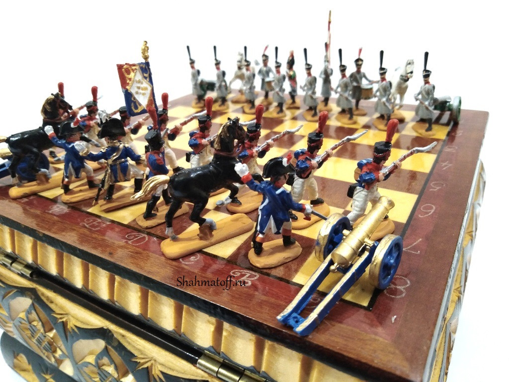 Шахматный ларец: ларец изготовлен из массива твердых пород деревьев и украшен ручной резьбой мастера. Игровое поле выполнено с помощью техники маркетри шпоном ценных пород деревьев: орех, красное дерево, клён.
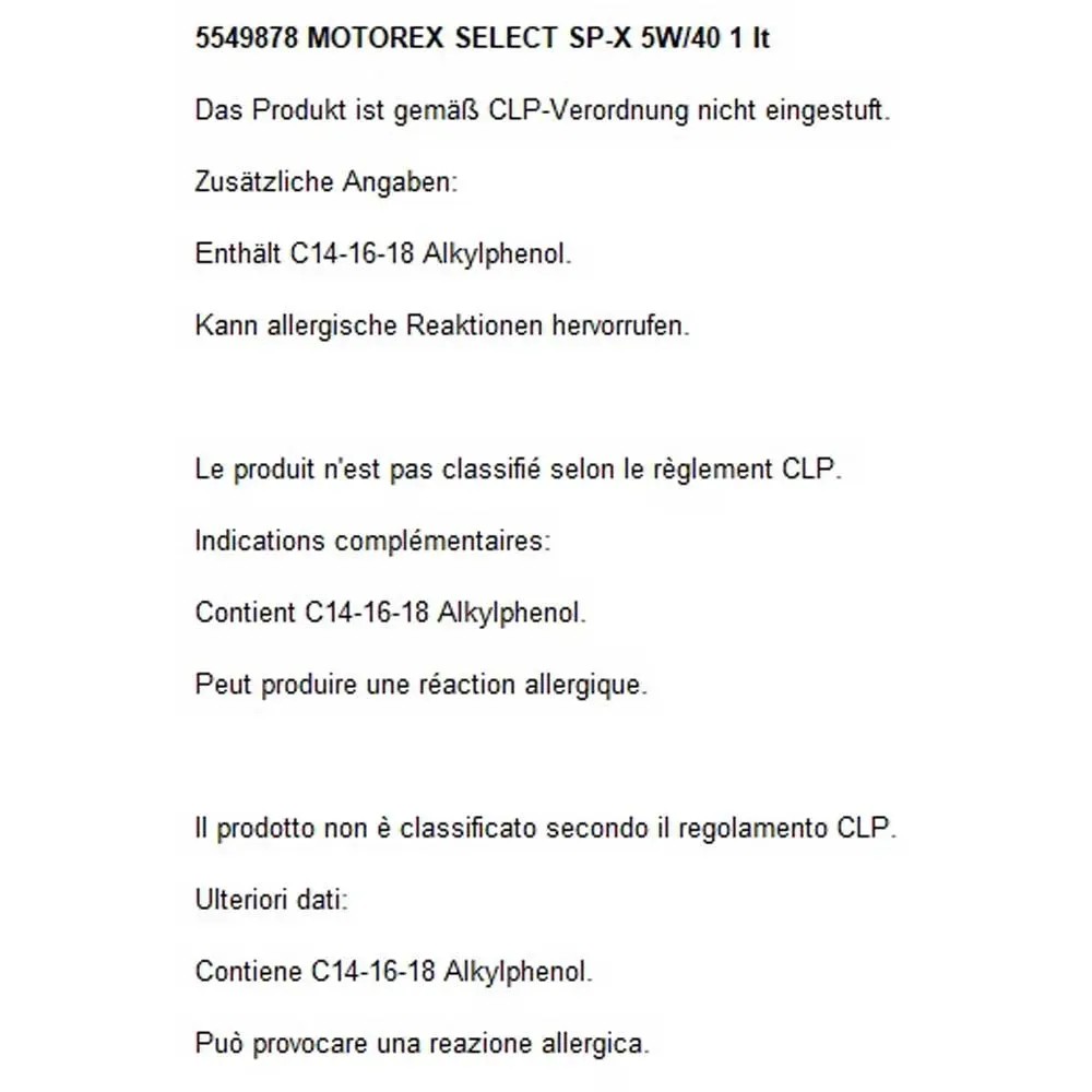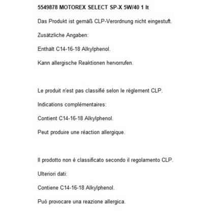 Motorex Motoröl Select SP-X 5W40 / 1 l
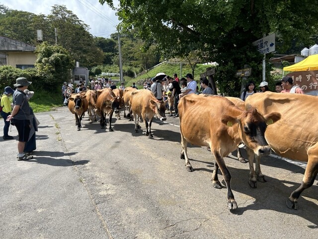 ジャージー牛乳の濃厚ソフトを食べながら、ジャージー牛と間近で触れ合う
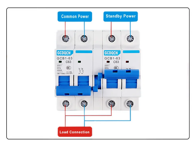 GCB1-63 МТС ручного переключения передачи подходит для двух-путь источника питания системы с питанием от сети переменного тока в переменного тока, 50/60 Гц, Номинальное рабочее напряжение 230V ~ 400V, номинальный ток от 6A ~ 63A. Он может вручную переносить источник питания для резервного питания или генератора, когда происходит общая неисправность, чтобы гарантировать надежность и безопасность питания. GCB1-63 МТС имеет защитную функцию перегрузки, низкого напряжения, короткого замыкания и фазы отсутствия, которая особенно подходит для использования в месте, где не допускается сбой источника питания, например, пожаротушения, больницы, рынок, военный проект, высотное здание, банк, ТВ-станция и так далее.
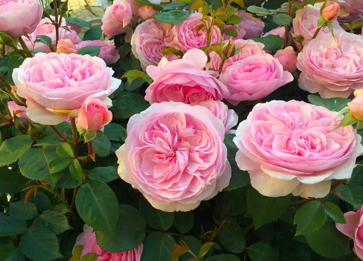 - Остин Гертруд Джекипп. Сильнорослая кустовая роза, отличающаяся обильным и продолжительным (с мая по ноябрь) цветением. Аромат напоминает запах старых роз с нежными нотками мирры. Ярко-розовые махровые цветы, равномерно распределяясь по всему кусту, полностью покрывают его. Сорт отличается полнотой цветения и декоративным видом. Растение обладает устойчивостью к различным болезням, неплохо переносит зиму. Взрослый куст достигает высоты в 250 см, его диаметр составляет около 1 метра.
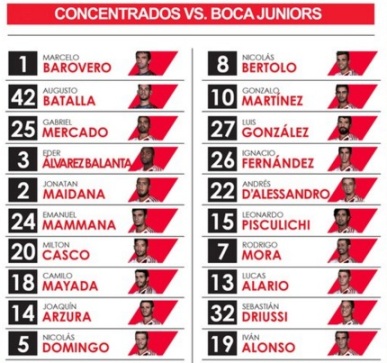 El DT de River confirmó la lista de convocados para el Superclásico, en la que fueron incluidos Mora y Mammana, quienes no actuaron por la Copa ante Trujillanos.
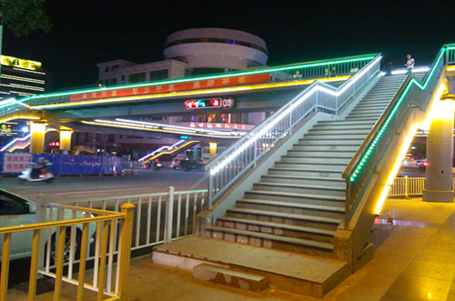 該項目是以建設公司市政二級資質中標的第一座人行天橋項目,項目位于平涼市崆峒區(qū),新民路與東西大街十字。天橋主梁和樓梯梁均采用鋼結構,主梁采用連續(xù)鋼箱梁單箱單室斷面,梁高0.9總寬4m,凈寬3.6m。采用27m+10.5m+32.5m+10m+28.07m+11.5m+30.5m+10.18m連續(xù)鋼箱梁,梯道坡度為1:2,中間設休息平臺,樓梯梁采用箱勒式鋼結構,梯道梁寬度為2.5m,高度為0.6m。主橋橋墩均采用樁柱式橋墩,立柱采用圓鋼管內灌C30微膨脹混凝土,柱徑1m,基礎采用鉆孔灌注樁,樁徑1.2m。

○ ○ ○ ○

What the task asks:
In the material above, one part opens with the line containing "- Остин Гертруд" and closes with the line containing "El DT de River". Write out that part exactly and skip its pictures.

Answer to this task:
 - Остин Гертруд Джекипп. Сильнорослая кустовая роза, отличающаяся обильным и продолжительным (с мая по ноябрь) цветением. Аромат напоминает запах старых роз с нежными нотками мирры. Ярко-розовые махровые цветы, равномерно распределяясь по всему кусту, полностью покрывают его. Сорт отличается полнотой цветения и декоративным видом. Растение обладает устойчивостью к различным болезням, неплохо переносит зиму. Взрослый куст достигает высоты в 250 см, его диаметр составляет около 1 метра.
 El DT de River confirmó la lista de convocados para el Superclásico, en la que fueron incluidos Mora y Mammana, quienes no actuaron por la Copa ante Trujillanos.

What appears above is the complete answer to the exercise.